I had always wanted to try out Airbnb after reading about it on my friends’ Facebook travel posts over a year ago. I did not know exactly what it was, but was intrigued by the idea of staying in an actual home rather than the usual boxy hotel room.
I looked it up and learned that Airbnb is an apartment-sharing platform where home and apartment owners from various parts of the world “list” their residences for rent for short and long-term stays.
There are different residences to choose from: there are themed residences where famous artists/writers once lived; there are treehouses, boathouses, even remote islands for rent.
The idea appealed to me more and more and I had the chance to try it out last May when I traveled to Milan and Paris. I had to stop over Milan to comply with visa Schengen requirements (my visa was granted by the Italian Embassy so I either had to make Italy my first stop or stay there the longest) and was set to be in Paris for about a week. (READ: Applying for a visa? Keep these 5 tips in mind)
The hotel prices in Milan spike for weekend stays and it was difficult to find a centrally located hotel room in Paris for less than $100, so I thought it would be the perfect time to try out Airbnb, both as an experiment and as cost effective option.
In Milan, I was hosted by Domenico and Patrizia, an Italian couple who rented out their studio apartment in Gorla, Milan, and their studio apartment was wonderful!
It was designed by the couple’s son, who is an architect who made sure that everything was functional, funky and cozy all at the same time.
The best part, though, was meeting Domenico and Patrizia who welcomed me both to Milan and into their home. The fridge was stocked with yogurt, jam and fruits and the some biscuits. They had guidebooks and printed out maps of the area that contained important information about the nearest metro, places of interest and places to eat.

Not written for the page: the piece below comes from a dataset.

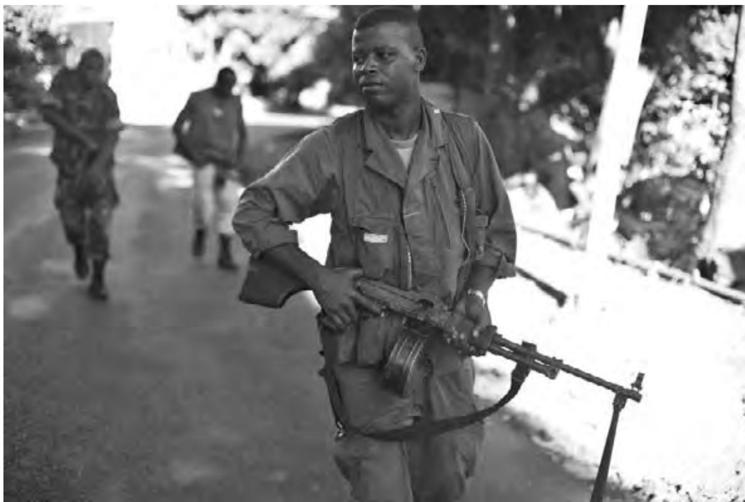
Un membre des Forces de gendarmerie anjouanaises (FGA), avant la chute du régime Bacar, en mars.

Le pouvoir central de l'Union des Comores a dépouillé la police avant de la transférer aux exécutifs insulaires, qui gèrent l'héritage selon les desiderata de chacun... Enquête sur une négligence périlleuse.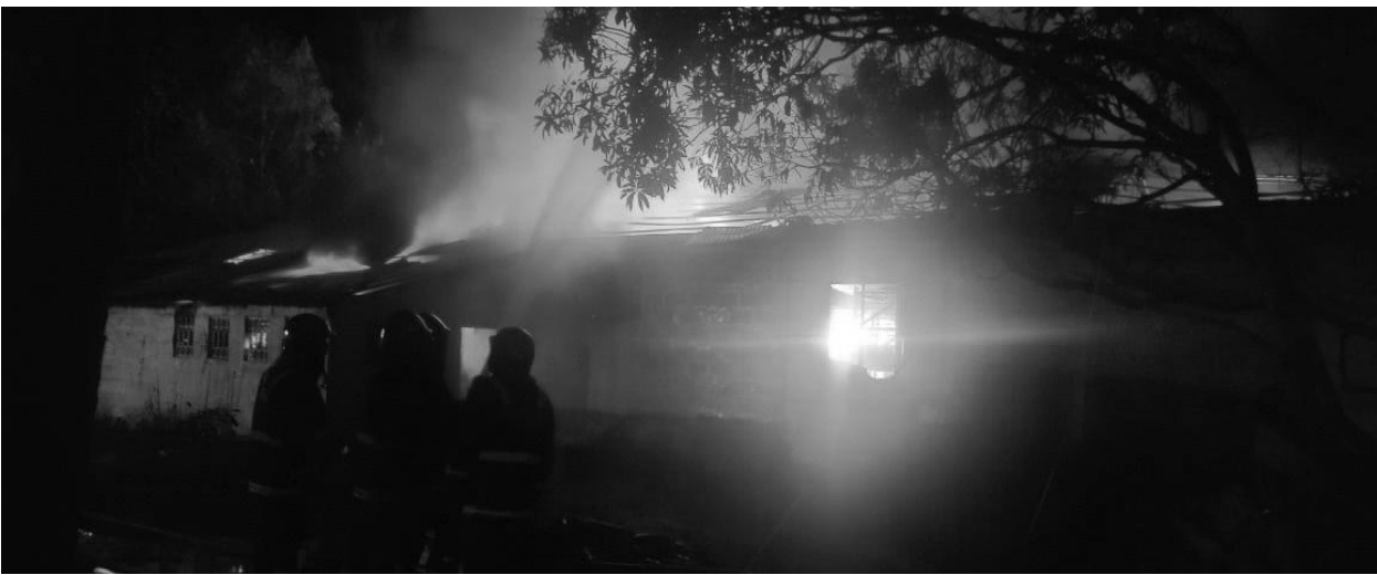
കിൻഫ്രപാർക്കിലുണ്ടായ തീപിടിത്തം അണയ്ക്കാൻ ശ്രമിക്കുന്ന ഫയർഫോഴ്സ് ജീവനക്കാർ

തിരുവനന്തപുരം: തുറന്ന കിൻഫ്ര പാർക്കിൽ വൻ തീപിടിത്തം. ഫയർഫോഴ്സ് ജീവനക്കാർന് ദാരുണാന്ത്യം.

I did not realize that I did not do much research on Milan because it was really just going to be a pit stop for me, but the travel materials they had made it impossible for me not to want to go out and explore Milan.
Best of all, they helped me map out how long it would take me to get to the airport to catch my early morning flight to Paris and even called a cab for me to make sure I got to the train station without any glitches. That was a big help since English is not widely spoken in Milan.
Before I left, we took a selfie and Domenico told me, “When you are in Italy, this will be your home.” To a tired and jetlagged traveler, that was the best send-off.
My apartment in Paris was a small, cozy studio located just 3 blocks away from the metro and 5 minutes away from the Eiffel Tower. The location was excellent. The bed was a sofabed called a “click clack” because you just unfold it, but it was comfortable enough.
Overall, I loved my Airbnb experience and would try it again the next time I travel. I thought that it would be a better option to try in cities like Europe where hotel rooms are usually smaller, older and very expensive, but a couple of friends have tried it out in other countries and were all satisfied.
My friend, Andrea, who has tried Airbnb on different trips told me, “Each country has different cultural practices that may not be written in the listing. My experience has been somewhat amusing! For instance, in Japan (& Scandinavia), duvets are per person, even on a king bed. In Copenhagen, the telephone shower was attached to the sink faucet! I think these all add to the experience as a traveler.”
Andrea has since put up her own properties in Manila for listing on Airbnb.
Before you try out Airbnb, here are some things you should know and consider.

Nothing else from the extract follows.